Thou'st fled and then expected me to grieve, and crumble like the walls of Jericho;
Yet I shall live and boldly rise above, so long as I know how to give my love.


----------



## Amigo (Jul 15, 2017)

Chris Hobson said:


> Who can tell me what this is about?
> 
> When first we fell apart, I fill'd with fear, that life without your love could not be led,
> but through my long reflections 'pon my tears, I filled myself with courage in its stead.
> ...



Seems to be saying;

'You cleared off and I thought I'd never get over it but then you came back and I wish you hadn't because I'd moved on!' 

That's my take on it anyway...


----------



## Chris Hobson (Jul 15, 2017)

Yes that is the gist of it but that isn't what is significant about it. You need to ponder whether you have heard this story somewhere before.


----------



## mikeyB (Jul 15, 2017)

Is it not the plot of Pride and Prejudice?


----------



## Amigo (Jul 15, 2017)

Clearly it requires the benefit of a classical education!


----------



## Chris Hobson (Jul 15, 2017)

"Is it not the plot of Pride and Prejudice?"

Maybe, but that's not it.

"Clearly it requires the benefit of a classical education! "

Not really, it is in fact the first verse of a well known pop song re-written in the style of a Shakespeare sonnet.


----------



## Ditto (Jul 15, 2017)

Clever.  It's the same old story whether it's Pride & Prejudice or The Taming Of The Shrew or any Mills&Boon you care to read.
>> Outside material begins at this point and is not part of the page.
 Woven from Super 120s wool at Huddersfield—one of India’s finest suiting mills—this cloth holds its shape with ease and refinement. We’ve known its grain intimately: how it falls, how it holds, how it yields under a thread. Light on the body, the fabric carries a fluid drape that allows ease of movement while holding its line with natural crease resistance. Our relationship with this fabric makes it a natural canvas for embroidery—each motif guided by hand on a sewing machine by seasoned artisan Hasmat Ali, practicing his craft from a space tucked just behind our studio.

We can't get enough of it. We luvs a happy ending. Well, I do...


----------



## Chris Hobson (Jul 16, 2017)

Yes, but what is the song? That is the riddle in the OP. It is a hit song first performed by an American singer and released in October 1978. A top-selling song after its initial release, it has remained a popular disco anthem, as well as being certified platinum by the RIAA. The song's lyrics describe the narrator's discovery of personal strength following an initially devastating breakup. It received heavy airplay in 1979, reaching number one on the Billboard Hot 100 and on the UK Singles Chart on consecutive weeks.


----------



## Matt Cycle (Jul 16, 2017)

I like that.  I'm assuming it's got to be the Gloria Gaynor song - I will survive?


----------



## Chris Hobson (Jul 16, 2017)

Yes Matt, you assume correct, I will survive written by Freddie Perren and Dino Fekaris. When I first put up the post I wondered whether someone might spot it straight away, but it's only obvious when you already know the answer. I think that it is bad form for me to use some one's work without providing a credit so now I can make amends. It comes from a book called 'Pop Sonnets' by Erik Didrikson. Would we like another one? 'Course we would.
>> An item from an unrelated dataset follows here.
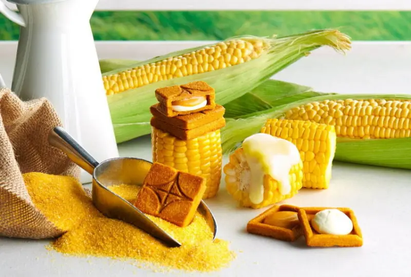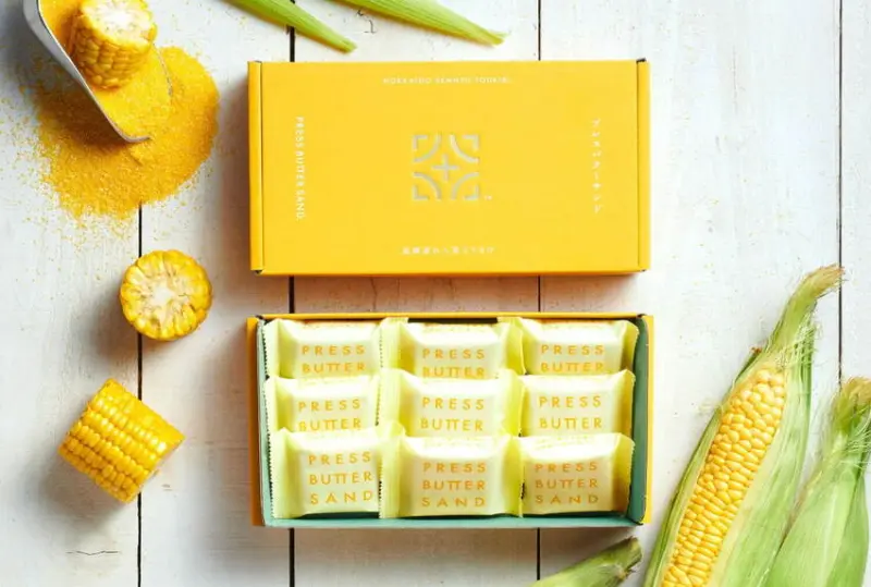 奶油和焦糖是「PRESS BUTTER SAND」的美味致勝關鍵,這次的內餡更加入了濃郁的北海道製煉乳,營造出柔滑優雅的甜味;不僅如此,還將北海道玉米粉和將乾燥玉米顆粒加入餅乾的麵團當中,讓你在吃的時候,每一口都能嚐到玉米特有的香甜氣味。

I had considered love a mythic force, a fable told to children ere they slept -
and if 'twas real, it show'd me no remorse, while it withheld the wistful dreams I kept.
I thought of romance like a chest of gold, assuming what I gave would e'er be lost;
thus I commanded that my heart grew cold, so I might ne'er incur its heavy cost.
But when at last I saw her visage fair, my chilled convictions thawed to my relief;
I'm now the heart's disciple deep in pray'r, and thoroughly devout in my belief.
No force on earth could ever be applied, to make me, love's apostle, leave her side.


----------



## Robin (Jul 16, 2017)

Chris Hobson said:


> Yes Matt, you assume correct, I will survive written by Freddie Perren and Dino Fekaris. When I first put up the post I wondered whether someone might spot it straight away, but it's only obvious when you already know the answer. I think that it is bad form for me to use some one's work without providing a credit so now I can make amends. It comes from a book called 'Pop Sonnets' by Erik Didrikson. Would we like another one? 'Course we would.
> 
> I had considered love a mythic force, a fable told to children ere they slept -
> and if 'twas real, it show'd me no remorse, while it withheld the wistful dreams I kept.
> ...


I'm a believer!


----------



## mikeyB (Jul 16, 2017)

I'm a believer? Monkees/ Neil diamond.

I was typing this as you came in Robin!


----------



## Chris Hobson (Jul 16, 2017)

Oh, now you have all twigged how this works it has become too easy. I'm now agonising a bit, do i put up another one or do I tell you all to buy the book? OK, just one more, but it must be the last, absolutely the last, if you want any more you'll have to buy the book. This is a really easy one.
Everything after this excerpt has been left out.